Due: Tue Feb 28 11:59 pm
Late submissions accepted until Thu Mar 2 11:59 pm

Assignment by David Mazières and John Ousterhout, with modifications by Nick Troccoli, Benjamin Xie and Xiyu Zhang. Ethics case study includes material from Kathleen Creel.

Assignment 4 Overview Session: Tues 2/21 4PM on Zoom (link on Canvas). Note that the session is recorded and will be posted to the course website shortly after it’s over. Slides here, video here.

In this project you will reflect on the impact of complexities in writing multithreaded code and evaluating trust, and implement code using the "monitor" pattern to complete two synchronization problems. For the programs you will write, one is for passengers boarding Caltrain, and another is for grouping together guests at a party, and your task is to implement a class for each with the necessary instance variables and code to make the threads coordinate properly.

Learning Goals

The goal of this project is for you to get practice writing multithreaded code with mutexes and condition variables, and understand the challenges and impacts of multithreaded code and race conditions.
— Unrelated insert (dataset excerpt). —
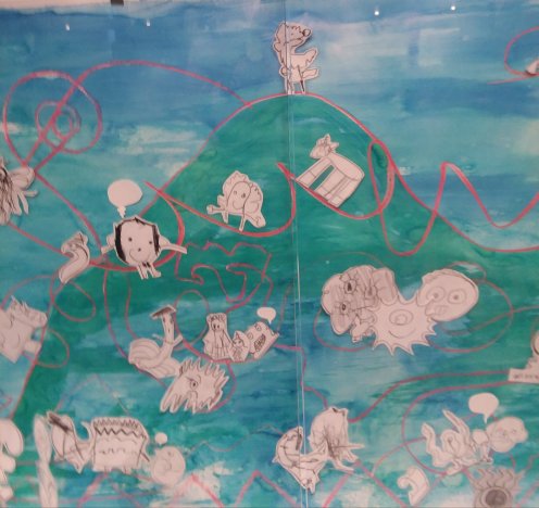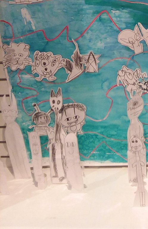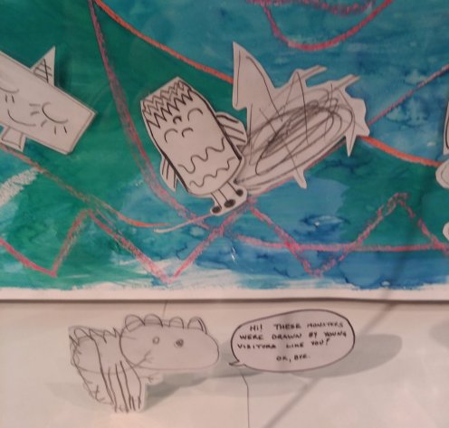 Another technique I was excited to see in action was a technique the Chicago Imagists called “exquisite corpses”. I had not heard of the Chicago Imagists before I moved to Chicago but there was a big focus on these artists of the late 60’s this year so I’ve been learning a lot about them and seeing a lot of their work. The “exquisite corpse” technique involves collaborative drawing on a piece of paper folded so an artist can’t see what the previous artist has drawn. At the museum pieces of long paper were divided in thirds for this technique. On the day I volunteered I tried to get some children to do it suggesting that one draw a head and then passing it to the next child to draw the torso and to the third to draw the legs. Two children tried to do it with one drawing the head and legs and one drawing the torso but when it was passed back to the first child he erased what the other child had done and drew his own torso and legs. When I tried it with my nephew and his 6 year old son when I visited them in May my grandnephew looked at the result, said no, and turned the piece of paper over and drew a monster all by himself in the three spaces. Looks like a few people used the technique, though:

This assignment will help you:

build your skills identifying race conditions and deadlock
more fully understand where to use mutexes and condition variables as appropriate to coordinate between threads and avoid deadlock/race conditions
get practice using the "monitor" pattern for designing multithreaded programs
explore understandings of trust and how we trust the systems we use

Starter Code

To get started on the assignment, clone the starter project using the command

    git clone /afs/ir/class/cs111/repos/assign4/$USER assign4

This line creates a new folder called assign4 in your current working directory containing a copy of the starter code.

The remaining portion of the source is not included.